EXERCISE DESCRIPTION
Please copy out each entry, word for word.

[Source records]
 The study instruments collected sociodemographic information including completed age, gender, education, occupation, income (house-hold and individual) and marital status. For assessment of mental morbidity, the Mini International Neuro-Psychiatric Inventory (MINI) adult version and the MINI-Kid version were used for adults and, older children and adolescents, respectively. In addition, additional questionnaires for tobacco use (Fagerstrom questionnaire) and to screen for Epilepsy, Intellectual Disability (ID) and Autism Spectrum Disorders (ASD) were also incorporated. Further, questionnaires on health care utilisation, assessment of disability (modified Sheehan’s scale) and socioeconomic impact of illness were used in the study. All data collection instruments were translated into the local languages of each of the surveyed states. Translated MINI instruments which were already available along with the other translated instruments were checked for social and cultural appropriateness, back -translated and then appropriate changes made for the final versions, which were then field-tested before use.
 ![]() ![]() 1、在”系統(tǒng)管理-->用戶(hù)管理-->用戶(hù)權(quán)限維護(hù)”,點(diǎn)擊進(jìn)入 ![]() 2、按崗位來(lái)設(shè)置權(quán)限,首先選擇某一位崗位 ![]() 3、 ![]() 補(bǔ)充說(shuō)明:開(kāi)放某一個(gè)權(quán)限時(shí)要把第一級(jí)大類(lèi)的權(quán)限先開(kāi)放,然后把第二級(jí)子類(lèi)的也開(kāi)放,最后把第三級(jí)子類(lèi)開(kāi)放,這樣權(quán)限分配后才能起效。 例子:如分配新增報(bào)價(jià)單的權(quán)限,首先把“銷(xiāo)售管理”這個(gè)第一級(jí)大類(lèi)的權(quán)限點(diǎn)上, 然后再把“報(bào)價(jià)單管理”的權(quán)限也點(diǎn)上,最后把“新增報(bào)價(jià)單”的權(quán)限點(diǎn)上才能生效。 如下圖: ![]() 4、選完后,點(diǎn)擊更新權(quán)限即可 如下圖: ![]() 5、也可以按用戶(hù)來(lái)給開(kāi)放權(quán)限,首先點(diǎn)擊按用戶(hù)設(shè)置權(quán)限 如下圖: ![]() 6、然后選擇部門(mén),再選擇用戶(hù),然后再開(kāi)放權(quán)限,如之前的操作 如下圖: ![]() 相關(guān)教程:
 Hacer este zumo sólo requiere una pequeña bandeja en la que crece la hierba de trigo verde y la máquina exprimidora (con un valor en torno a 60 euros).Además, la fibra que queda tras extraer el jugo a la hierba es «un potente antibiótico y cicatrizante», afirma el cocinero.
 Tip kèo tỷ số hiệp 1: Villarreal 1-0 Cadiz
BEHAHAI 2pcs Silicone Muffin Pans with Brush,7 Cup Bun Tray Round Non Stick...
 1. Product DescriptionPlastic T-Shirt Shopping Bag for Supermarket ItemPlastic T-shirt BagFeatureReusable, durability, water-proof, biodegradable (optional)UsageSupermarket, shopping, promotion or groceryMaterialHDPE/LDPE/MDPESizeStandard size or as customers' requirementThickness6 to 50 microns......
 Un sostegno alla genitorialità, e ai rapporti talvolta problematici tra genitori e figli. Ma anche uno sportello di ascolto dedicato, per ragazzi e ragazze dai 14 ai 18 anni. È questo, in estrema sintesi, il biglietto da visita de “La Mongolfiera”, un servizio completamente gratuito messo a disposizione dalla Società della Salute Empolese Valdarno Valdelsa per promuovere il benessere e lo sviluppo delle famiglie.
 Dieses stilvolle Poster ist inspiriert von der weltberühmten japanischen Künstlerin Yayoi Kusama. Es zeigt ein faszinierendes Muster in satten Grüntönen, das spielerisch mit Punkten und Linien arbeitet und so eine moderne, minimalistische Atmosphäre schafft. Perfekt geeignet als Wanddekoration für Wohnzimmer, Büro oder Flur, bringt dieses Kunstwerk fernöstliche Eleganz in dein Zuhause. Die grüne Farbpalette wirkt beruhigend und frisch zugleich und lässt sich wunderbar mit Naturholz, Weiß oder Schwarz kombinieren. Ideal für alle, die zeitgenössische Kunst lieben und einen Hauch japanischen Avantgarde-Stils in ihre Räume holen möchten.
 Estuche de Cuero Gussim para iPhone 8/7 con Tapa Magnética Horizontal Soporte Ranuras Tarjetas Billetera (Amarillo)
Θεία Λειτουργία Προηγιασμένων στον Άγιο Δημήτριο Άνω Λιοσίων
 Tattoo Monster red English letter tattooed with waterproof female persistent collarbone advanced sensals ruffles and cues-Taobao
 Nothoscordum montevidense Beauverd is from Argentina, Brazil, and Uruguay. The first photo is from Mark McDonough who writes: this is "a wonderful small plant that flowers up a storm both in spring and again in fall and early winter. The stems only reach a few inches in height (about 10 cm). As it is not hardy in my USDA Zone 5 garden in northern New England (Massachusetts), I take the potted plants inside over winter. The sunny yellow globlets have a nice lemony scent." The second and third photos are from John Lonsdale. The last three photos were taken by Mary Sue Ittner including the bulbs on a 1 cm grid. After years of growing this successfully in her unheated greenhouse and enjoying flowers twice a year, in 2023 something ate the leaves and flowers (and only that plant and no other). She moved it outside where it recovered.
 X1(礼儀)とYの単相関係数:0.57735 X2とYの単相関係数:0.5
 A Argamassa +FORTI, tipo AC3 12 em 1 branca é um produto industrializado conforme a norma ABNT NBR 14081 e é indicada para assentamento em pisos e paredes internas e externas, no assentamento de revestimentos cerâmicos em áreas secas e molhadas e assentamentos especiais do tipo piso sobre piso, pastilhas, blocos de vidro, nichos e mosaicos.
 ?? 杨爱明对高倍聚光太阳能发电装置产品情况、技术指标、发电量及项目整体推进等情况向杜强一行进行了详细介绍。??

REPLY TO THE EXERCISE
 The study instruments collected sociodemographic information including completed age, gender, education, occupation, income (house-hold and individual) and marital status. For assessment of mental morbidity, the Mini International Neuro-Psychiatric Inventory (MINI) adult version and the MINI-Kid version were used for adults and, older children and adolescents, respectively. In addition, additional questionnaires for tobacco use (Fagerstrom questionnaire) and to screen for Epilepsy, Intellectual Disability (ID) and Autism Spectrum Disorders (ASD) were also incorporated. Further, questionnaires on health care utilisation, assessment of disability (modified Sheehan’s scale) and socioeconomic impact of illness were used in the study. All data collection instruments were translated into the local languages of each of the surveyed states. Translated MINI instruments which were already available along with the other translated instruments were checked for social and cultural appropriateness, back -translated and then appropriate changes made for the final versions, which were then field-tested before use.
 ![]() ![]() 1、在”系統(tǒng)管理-->用戶(hù)管理-->用戶(hù)權(quán)限維護(hù)”,點(diǎn)擊進(jìn)入 ![]() 2、按崗位來(lái)設(shè)置權(quán)限,首先選擇某一位崗位 ![]() 3、 ![]() 補(bǔ)充說(shuō)明:開(kāi)放某一個(gè)權(quán)限時(shí)要把第一級(jí)大類(lèi)的權(quán)限先開(kāi)放,然后把第二級(jí)子類(lèi)的也開(kāi)放,最后把第三級(jí)子類(lèi)開(kāi)放,這樣權(quán)限分配后才能起效。 例子:如分配新增報(bào)價(jià)單的權(quán)限,首先把“銷(xiāo)售管理”這個(gè)第一級(jí)大類(lèi)的權(quán)限點(diǎn)上, 然后再把“報(bào)價(jià)單管理”的權(quán)限也點(diǎn)上,最后把“新增報(bào)價(jià)單”的權(quán)限點(diǎn)上才能生效。 如下圖: ![]() 4、選完后,點(diǎn)擊更新權(quán)限即可 如下圖: ![]() 5、也可以按用戶(hù)來(lái)給開(kāi)放權(quán)限,首先點(diǎn)擊按用戶(hù)設(shè)置權(quán)限 如下圖: ![]() 6、然后選擇部門(mén),再選擇用戶(hù),然后再開(kāi)放權(quán)限,如之前的操作 如下圖: ![]() 相關(guān)教程:
 Hacer este zumo sólo requiere una pequeña bandeja en la que crece la hierba de trigo verde y la máquina exprimidora (con un valor en torno a 60 euros).Además, la fibra que queda tras extraer el jugo a la hierba es «un potente antibiótico y cicatrizante», afirma el cocinero.
 Tip kèo tỷ số hiệp 1: Villarreal 1-0 Cadiz
BEHAHAI 2pcs Silicone Muffin Pans with Brush,7 Cup Bun Tray Round Non Stick...
 1. Product DescriptionPlastic T-Shirt Shopping Bag for Supermarket ItemPlastic T-shirt BagFeatureReusable, durability, water-proof, biodegradable (optional)UsageSupermarket, shopping, promotion or groceryMaterialHDPE/LDPE/MDPESizeStandard size or as customers' requirementThickness6 to 50 microns......
 Un sostegno alla genitorialità, e ai rapporti talvolta problematici tra genitori e figli. Ma anche uno sportello di ascolto dedicato, per ragazzi e ragazze dai 14 ai 18 anni. È questo, in estrema sintesi, il biglietto da visita de “La Mongolfiera”, un servizio completamente gratuito messo a disposizione dalla Società della Salute Empolese Valdarno Valdelsa per promuovere il benessere e lo sviluppo delle famiglie.
 Dieses stilvolle Poster ist inspiriert von der weltberühmten japanischen Künstlerin Yayoi Kusama. Es zeigt ein faszinierendes Muster in satten Grüntönen, das spielerisch mit Punkten und Linien arbeitet und so eine moderne, minimalistische Atmosphäre schafft. Perfekt geeignet als Wanddekoration für Wohnzimmer, Büro oder Flur, bringt dieses Kunstwerk fernöstliche Eleganz in dein Zuhause. Die grüne Farbpalette wirkt beruhigend und frisch zugleich und lässt sich wunderbar mit Naturholz, Weiß oder Schwarz kombinieren. Ideal für alle, die zeitgenössische Kunst lieben und einen Hauch japanischen Avantgarde-Stils in ihre Räume holen möchten.
 Estuche de Cuero Gussim para iPhone 8/7 con Tapa Magnética Horizontal Soporte Ranuras Tarjetas Billetera (Amarillo)
Θεία Λειτουργία Προηγιασμένων στον Άγιο Δημήτριο Άνω Λιοσίων
 Tattoo Monster red English letter tattooed with waterproof female persistent collarbone advanced sensals ruffles and cues-Taobao
 Nothoscordum montevidense Beauverd is from Argentina, Brazil, and Uruguay. The first photo is from Mark McDonough who writes: this is "a wonderful small plant that flowers up a storm both in spring and again in fall and early winter. The stems only reach a few inches in height (about 10 cm). As it is not hardy in my USDA Zone 5 garden in northern New England (Massachusetts), I take the potted plants inside over winter. The sunny yellow globlets have a nice lemony scent." The second and third photos are from John Lonsdale. The last three photos were taken by Mary Sue Ittner including the bulbs on a 1 cm grid. After years of growing this successfully in her unheated greenhouse and enjoying flowers twice a year, in 2023 something ate the leaves and flowers (and only that plant and no other). She moved it outside where it recovered.
 X1(礼儀)とYの単相関係数:0.57735 X2とYの単相関係数:0.5
 A Argamassa +FORTI, tipo AC3 12 em 1 branca é um produto industrializado conforme a norma ABNT NBR 14081 e é indicada para assentamento em pisos e paredes internas e externas, no assentamento de revestimentos cerâmicos em áreas secas e molhadas e assentamentos especiais do tipo piso sobre piso, pastilhas, blocos de vidro, nichos e mosaicos.
 ?? 杨爱明对高倍聚光太阳能发电装置产品情况、技术指标、发电量及项目整体推进等情况向杜强一行进行了详细介绍。??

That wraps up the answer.